__Task objective__: Pictures stay out; everything else from the first line of the entries down through the line with "a yellow background" gets copied exactly.

__Data__:

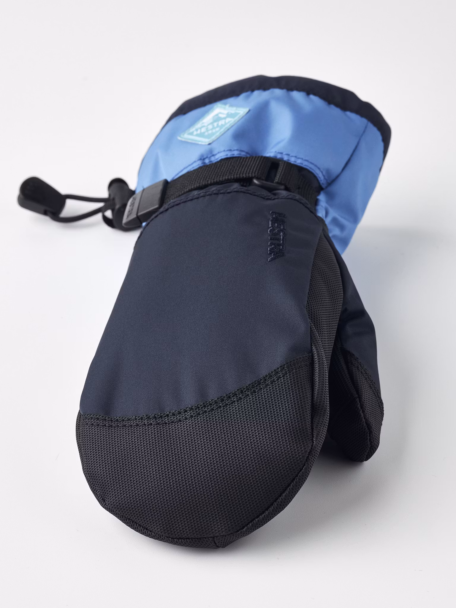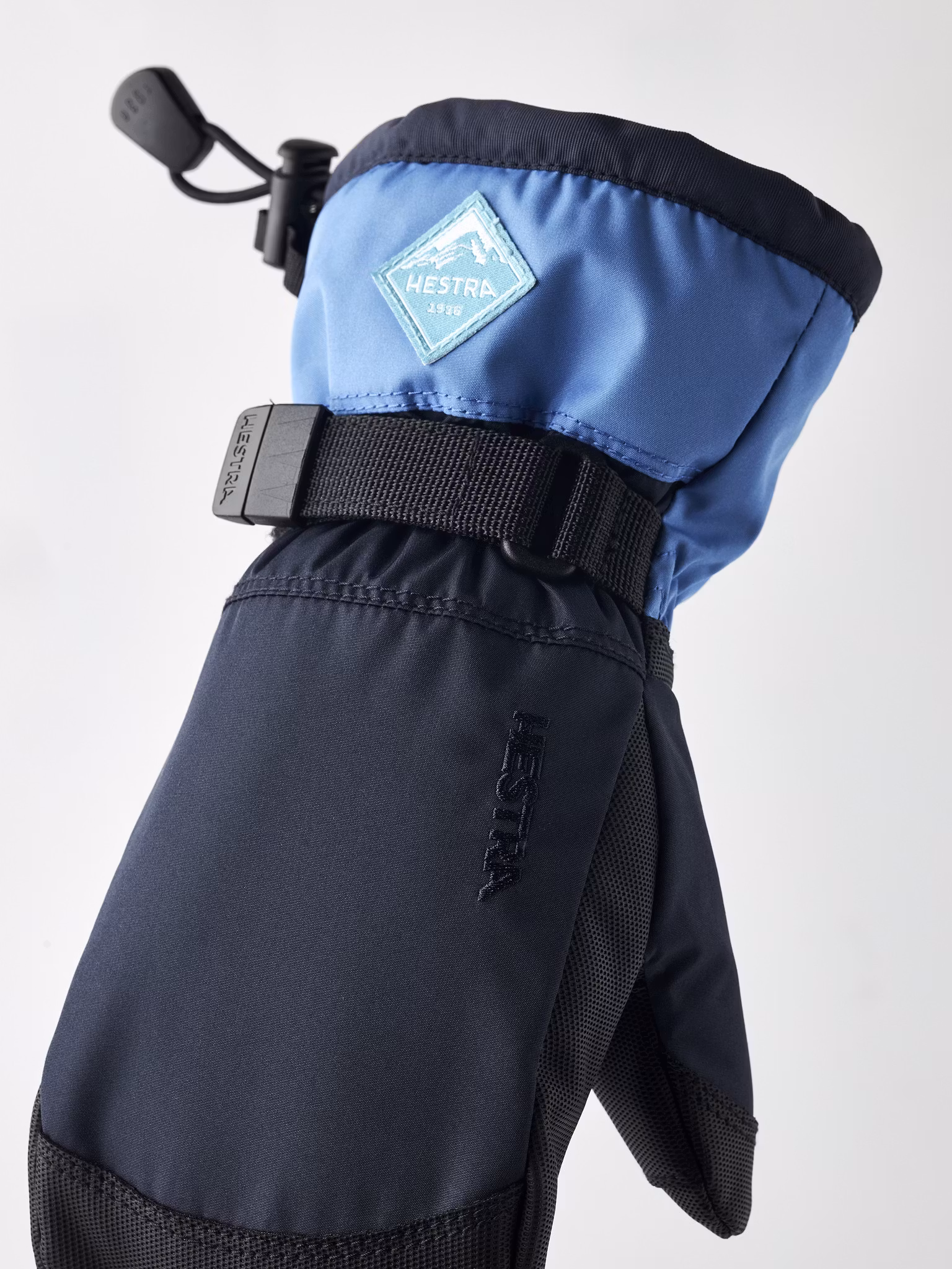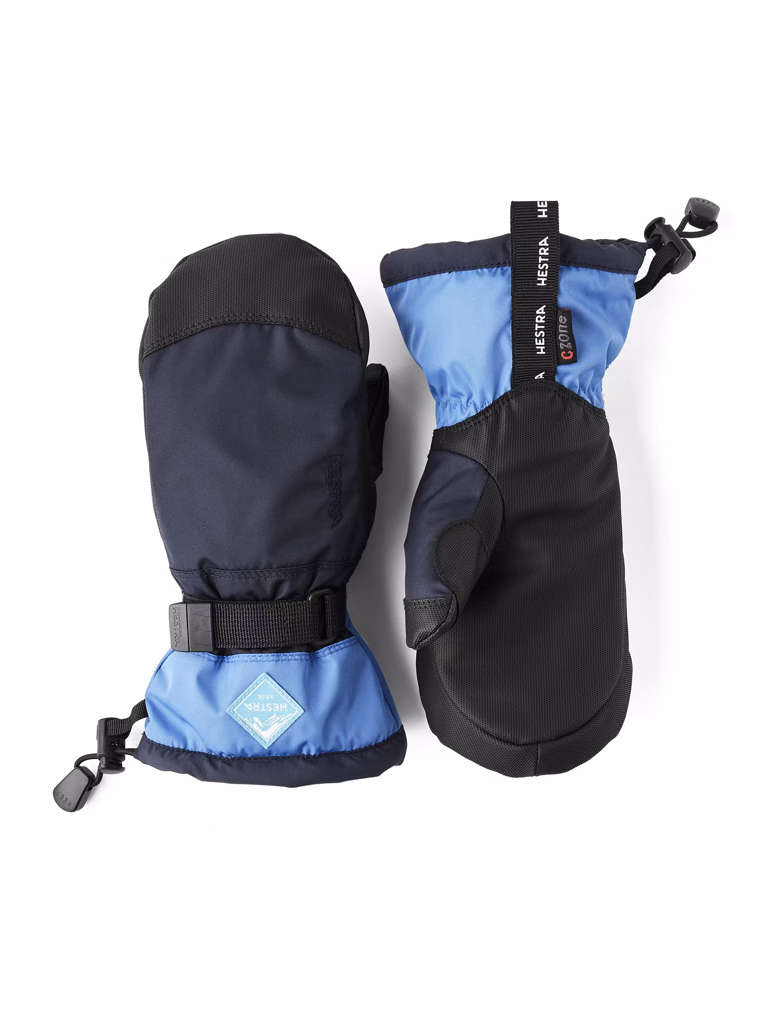 Varm och skön tumhandske för aktiva barn. En av Hestras mest populära juniormodeller och perfekt för skidåkning, lek och uteliv i kallt vinterväder. Sydd i tålig polyester med vattentätt och ventilerande CZone-membran och längre krage som håller snön på utsidan. Fingertoppar och handflata är förstärkta med PU-belagd syntetväv för extra slitstyrka och bra grepp. Insidan är i fleece och handsken har värmande syntetfyllning i polyester. Finns även i 3- och 5-fingermodell.
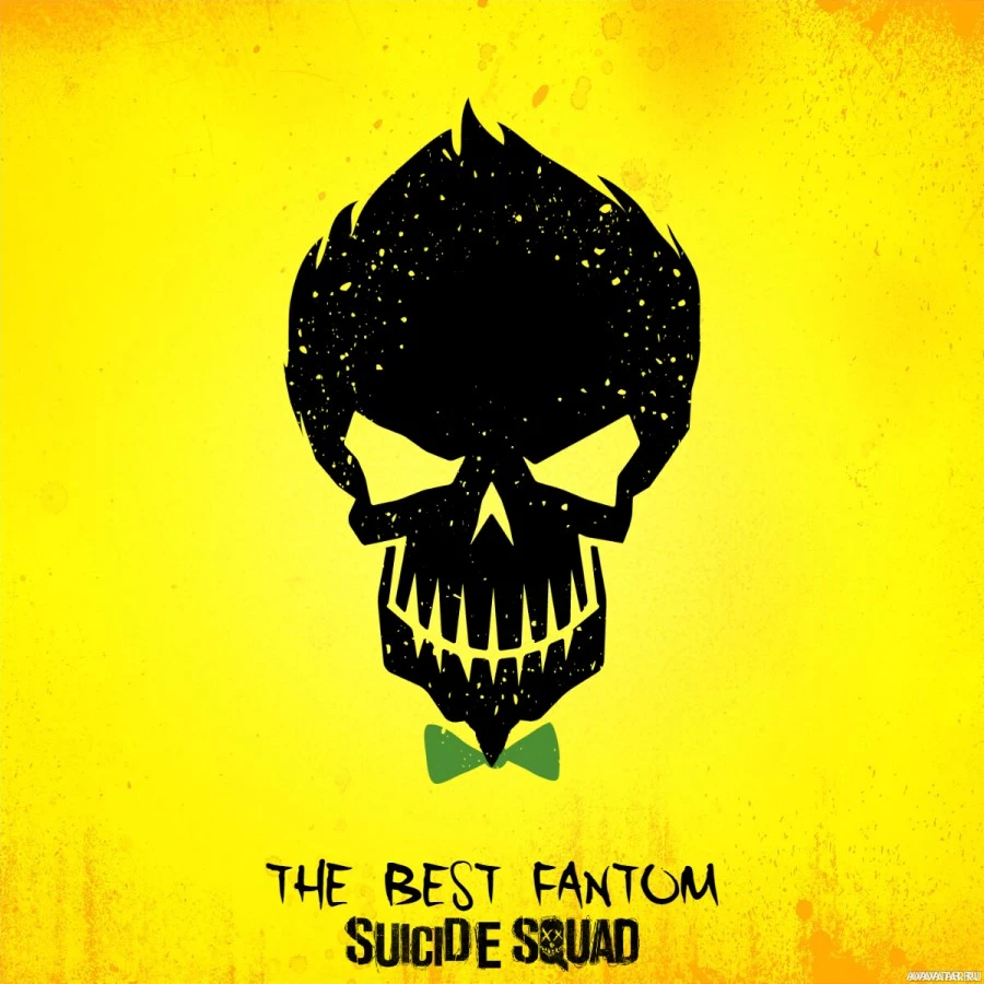 a yellow background with a skull and crossbones in the center, which is often associated with danger or piracy. Above the skull, there are words that read "The Best Fan" and below it says "Suicide Squad," indicating that this might be related to
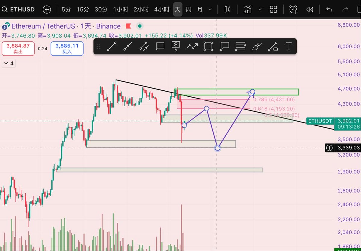 2)啰嗦这么多,就一个 目前 ETH 继续看涨, 特别在 BTC 如果构建横盘情况下。
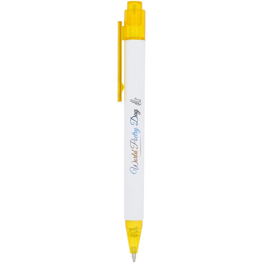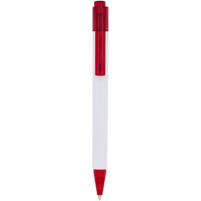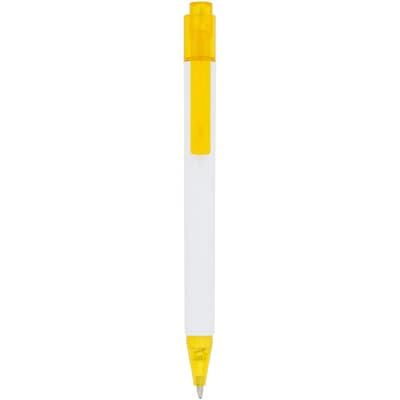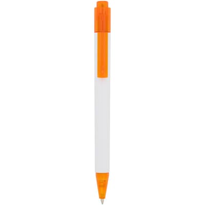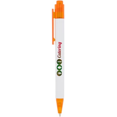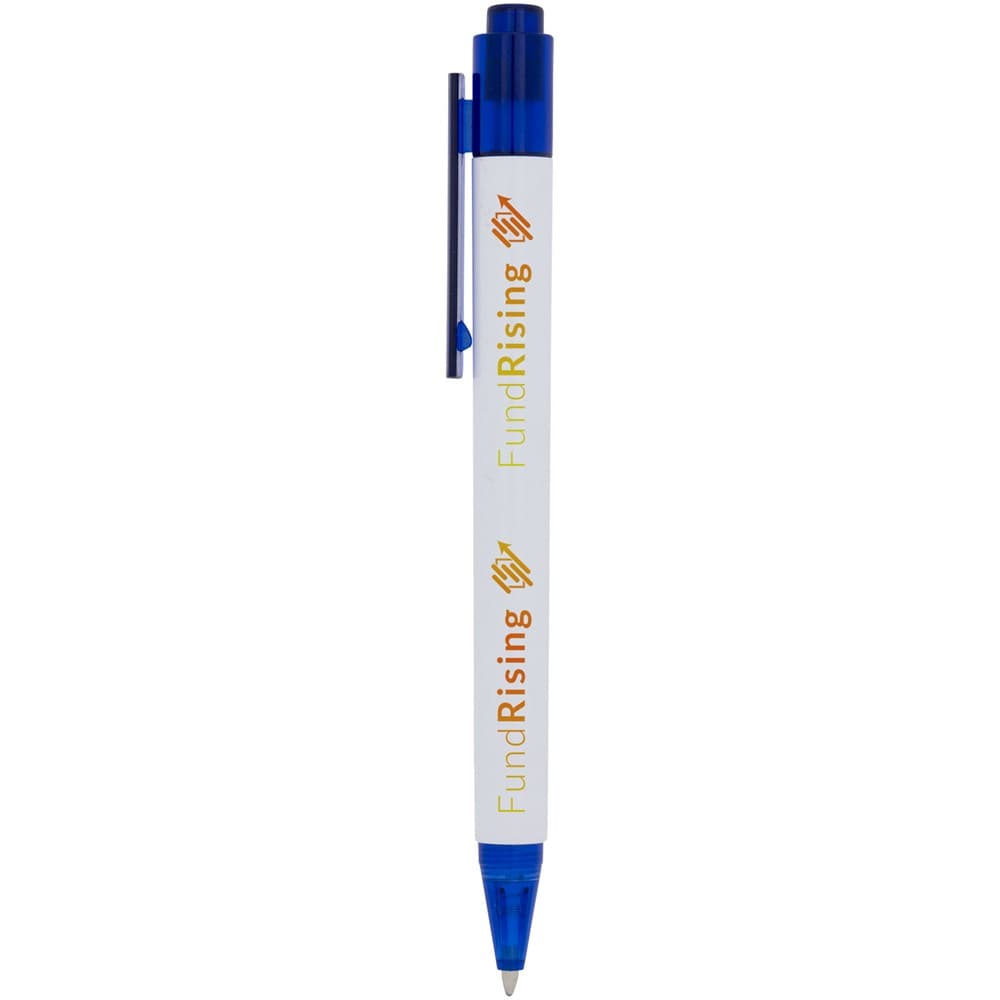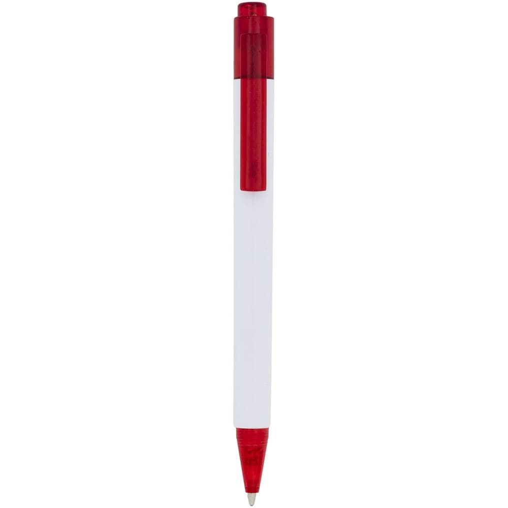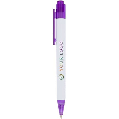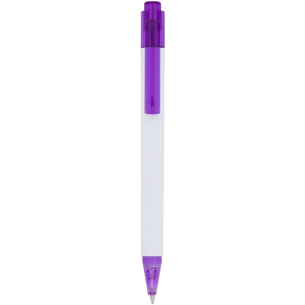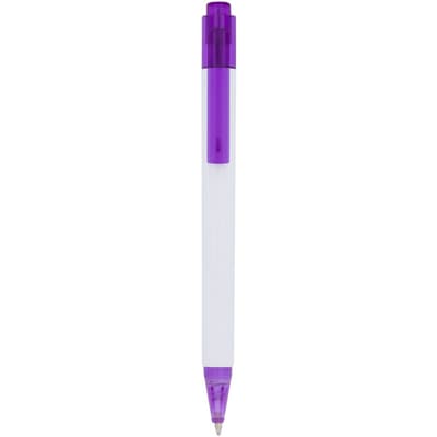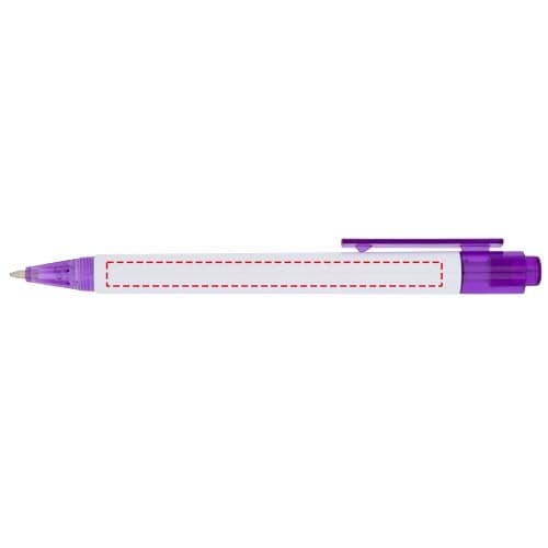De Calypso-balpen heeft een gladde, witte greep met een doorschijnende gekleurde punt en clip.
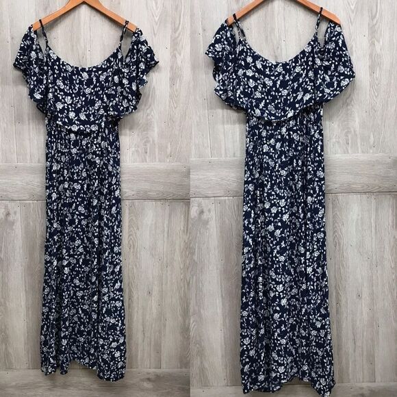 Paris Collection Navy Blue Floral Off Shoulder Maxi Dress BB133
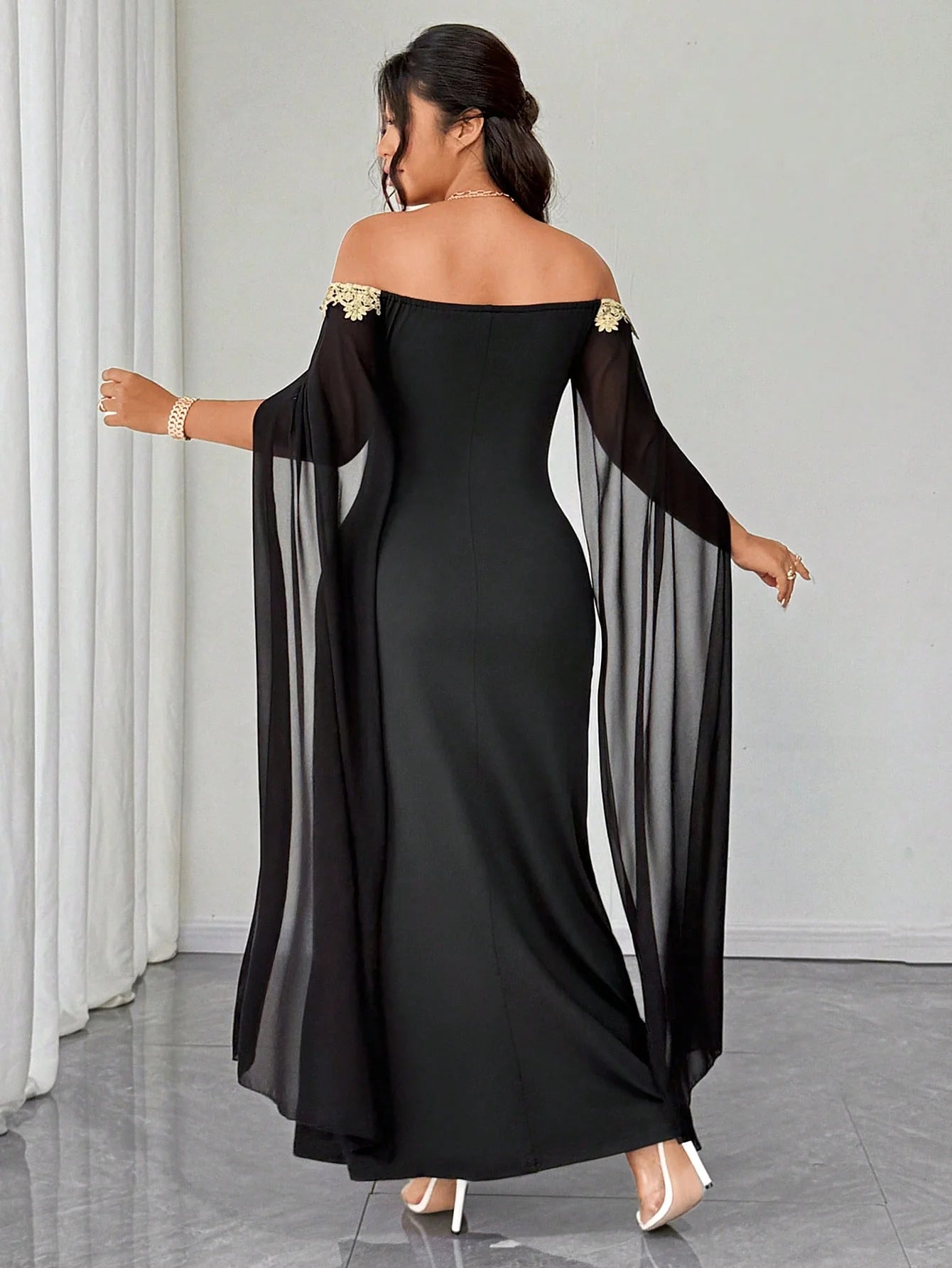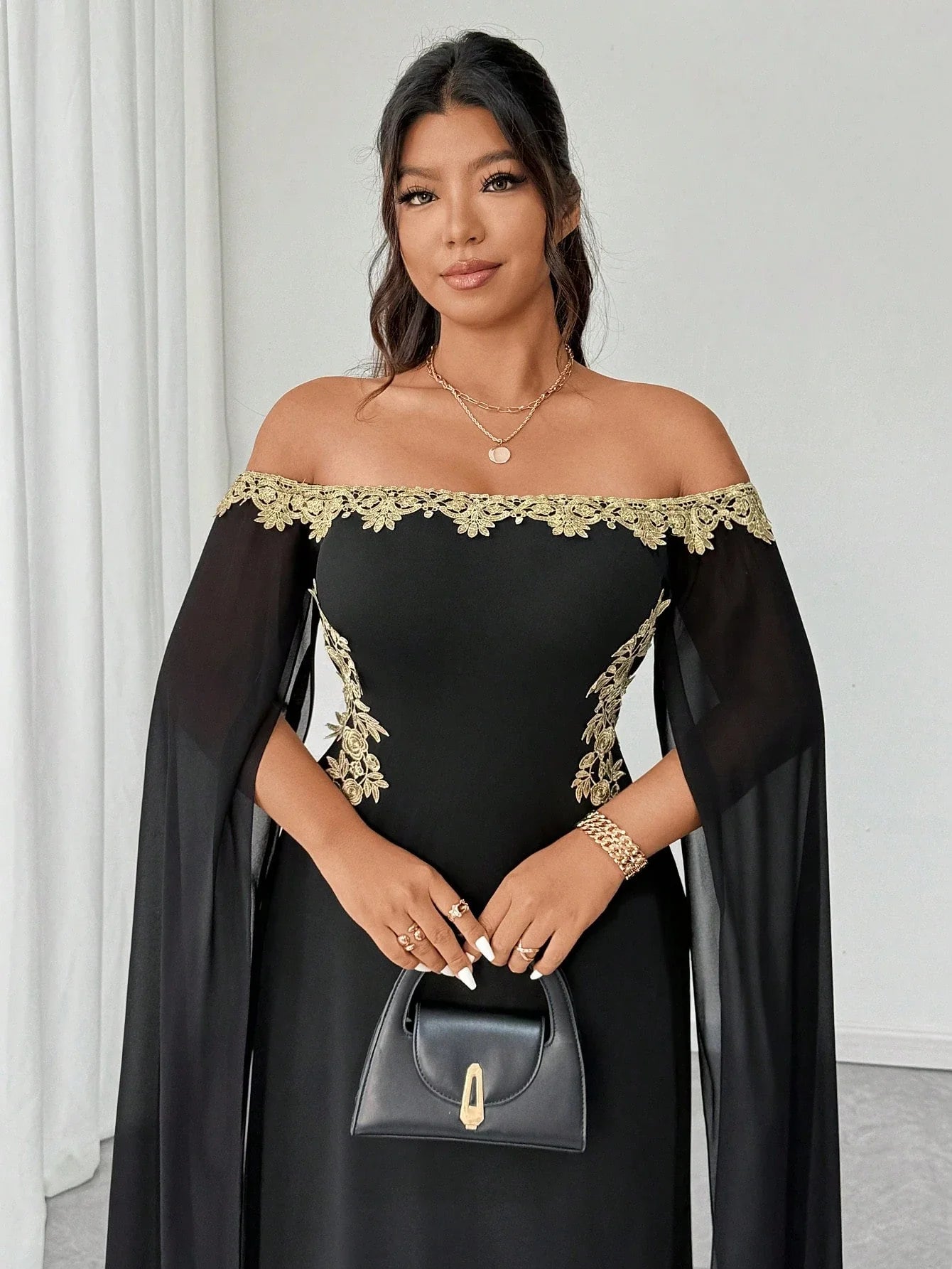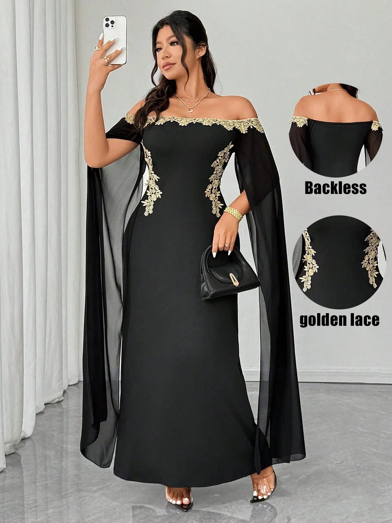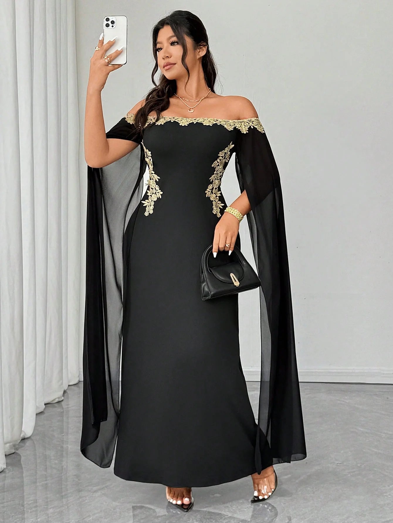 Abito in rete con applicazioni floreali dorate, elegante

__Response below__:
 Varm och skön tumhandske för aktiva barn. En av Hestras mest populära juniormodeller och perfekt för skidåkning, lek och uteliv i kallt vinterväder. Sydd i tålig polyester med vattentätt och ventilerande CZone-membran och längre krage som håller snön på utsidan. Fingertoppar och handflata är förstärkta med PU-belagd syntetväv för extra slitstyrka och bra grepp. Insidan är i fleece och handsken har värmande syntetfyllning i polyester. Finns även i 3- och 5-fingermodell.
 a yellow background with a skull and crossbones in the center, which is often associated with danger or piracy. Above the skull, there are words that read "The Best Fan" and below it says "Suicide Squad," indicating that this might be related to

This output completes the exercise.